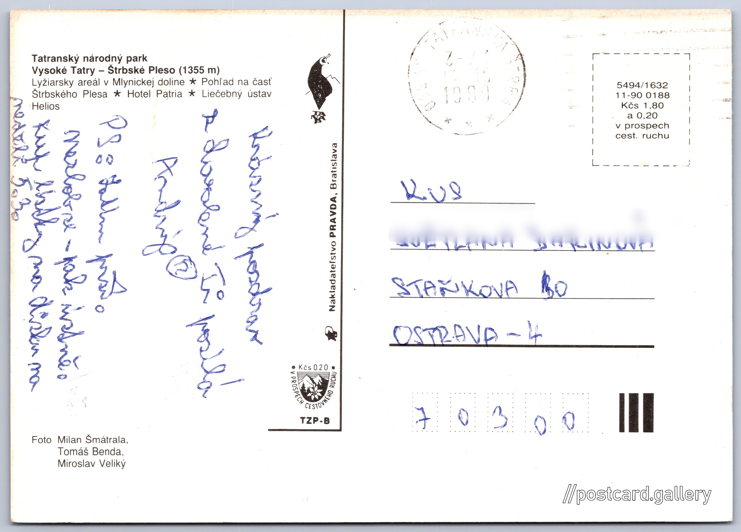 Vysoké Tatry, Štrbské pleso 2/8 Pokud chcete vidět pohlednice ve vyšším rozlišení nebo zobrazovat jejich zadní stranu, tak se prosím nejdříve přihlašte Přihlásit Zaregistrovat Štrbské pleso Tatranský národný parkVysoké Tatry - Štrbské Pleso (1355 m)- Lyžiarsky areál v Mlynickej doline- Pohľad na časť Štrbského Plesa- Hotel Patria- Liečebný ústav Helios Jazyk tištěného textu na pohlednici: slovenština Štrba - Štrbské pleso ukázat na mapě Vydavatel: Nakladateľstvo PRAVDA, Bratislava (Československo) Rok vydání pohlednice: leden, 1988 Velikost (š x v) a tvar pohlednice: 147 x 106 mm (5.79" x 4.17"), obdélník Osoby spjaté s touto pohlednicí: Milan Šmátrala(Autor fotografie) Miroslav Veliký(Autor fotografie) Tomáš Benda(Autor fotografie) Prošlá poštou Ceny: Cena pohlednice: 1,80 Kčs (CSK) (+0,20 Kčs přípl. na tur. ruch) Kódy na pohlednici: 5494/1632 11-90 0188 DiskuseVložit příspěvek Přidat novou složku ... Spravovat složky ...
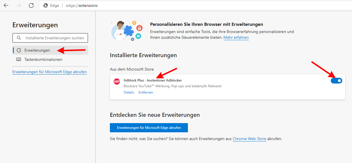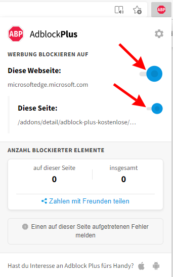 Press with the left mouse button on the corresponding blue bar next to your ad blocker
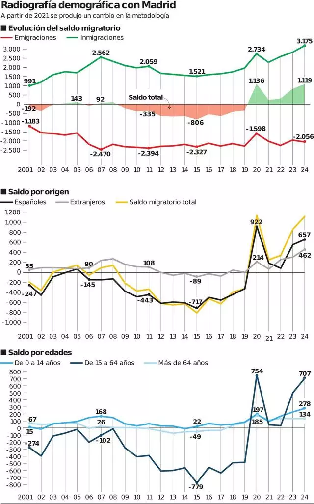 Pero foi a partir de 2020 cuando l’enclín dio la vuelta como un calcetu. Asturies empezó a rexistrar dende entós un saldu positivu, atrayendo a más persones procedentes de Madrid de les que se diben. L’añu del covid, el saldu migratoriu yá foi bien favorable a Asturies, en gran midida poles facilidaes concedíes pol teletrabayu. Los dos años posteriores, 2021 y 2022, Asturies siguió recibiendo más persones procedentes de Madrid de les que se diben, anque en menor midida, pero’l fenómenu amontóse los dos años siguientes. En 2023, el saldu con Madrid foi favorable para Asturies en 858 persones, y en 2024 esa cifra xubió a 1.119, comparable a la que se rexistró l’añu de la pandemia.
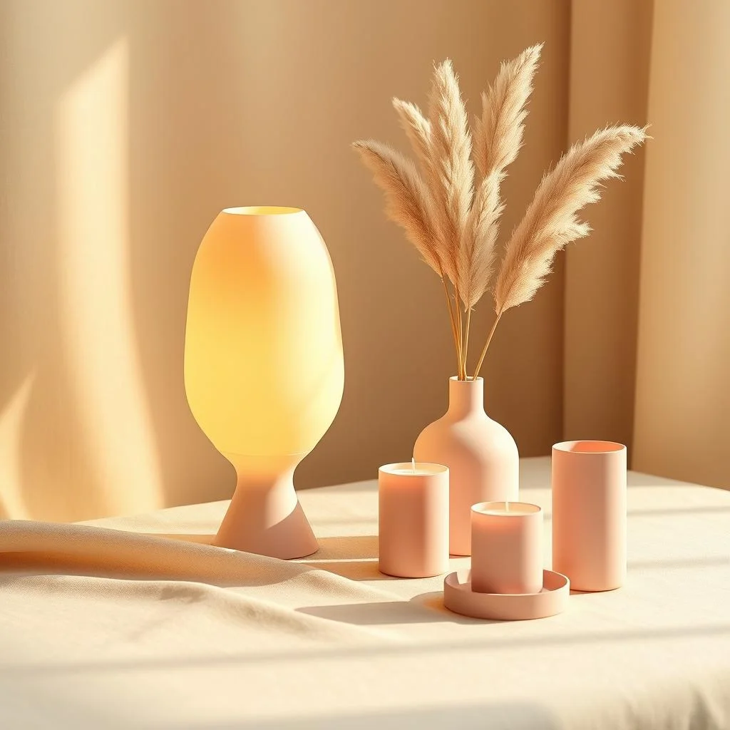 Премиальный 3D-печатный декор для дома: светильники, подсвечники, вазы и аксессуары в нежных пастельных тонах.

▬▬▬▬▬▬▬▬▬▬

## Work instructions
The whole listing above is to be repeated exactly, apart from its pictures.

## Expected answer
 Vysoké Tatry, Štrbské pleso 2/8 Pokud chcete vidět pohlednice ve vyšším rozlišení nebo zobrazovat jejich zadní stranu, tak se prosím nejdříve přihlašte Přihlásit Zaregistrovat Štrbské pleso Tatranský národný parkVysoké Tatry - Štrbské Pleso (1355 m)- Lyžiarsky areál v Mlynickej doline- Pohľad na časť Štrbského Plesa- Hotel Patria- Liečebný ústav Helios Jazyk tištěného textu na pohlednici: slovenština Štrba - Štrbské pleso ukázat na mapě Vydavatel: Nakladateľstvo PRAVDA, Bratislava (Československo) Rok vydání pohlednice: leden, 1988 Velikost (š x v) a tvar pohlednice: 147 x 106 mm (5.79" x 4.17"), obdélník Osoby spjaté s touto pohlednicí: Milan Šmátrala(Autor fotografie) Miroslav Veliký(Autor fotografie) Tomáš Benda(Autor fotografie) Prošlá poštou Ceny: Cena pohlednice: 1,80 Kčs (CSK) (+0,20 Kčs přípl. na tur. ruch) Kódy na pohlednici: 5494/1632 11-90 0188 DiskuseVložit příspěvek Přidat novou složku ... Spravovat složky ...
 Press with the left mouse button on the corresponding blue bar next to your ad blocker
 Pero foi a partir de 2020 cuando l’enclín dio la vuelta como un calcetu. Asturies empezó a rexistrar dende entós un saldu positivu, atrayendo a más persones procedentes de Madrid de les que se diben. L’añu del covid, el saldu migratoriu yá foi bien favorable a Asturies, en gran midida poles facilidaes concedíes pol teletrabayu. Los dos años posteriores, 2021 y 2022, Asturies siguió recibiendo más persones procedentes de Madrid de les que se diben, anque en menor midida, pero’l fenómenu amontóse los dos años siguientes. En 2023, el saldu con Madrid foi favorable para Asturies en 858 persones, y en 2024 esa cifra xubió a 1.119, comparable a la que se rexistró l’añu de la pandemia.
 Премиальный 3D-печатный декор для дома: светильники, подсвечники, вазы и аксессуары в нежных пастельных тонах.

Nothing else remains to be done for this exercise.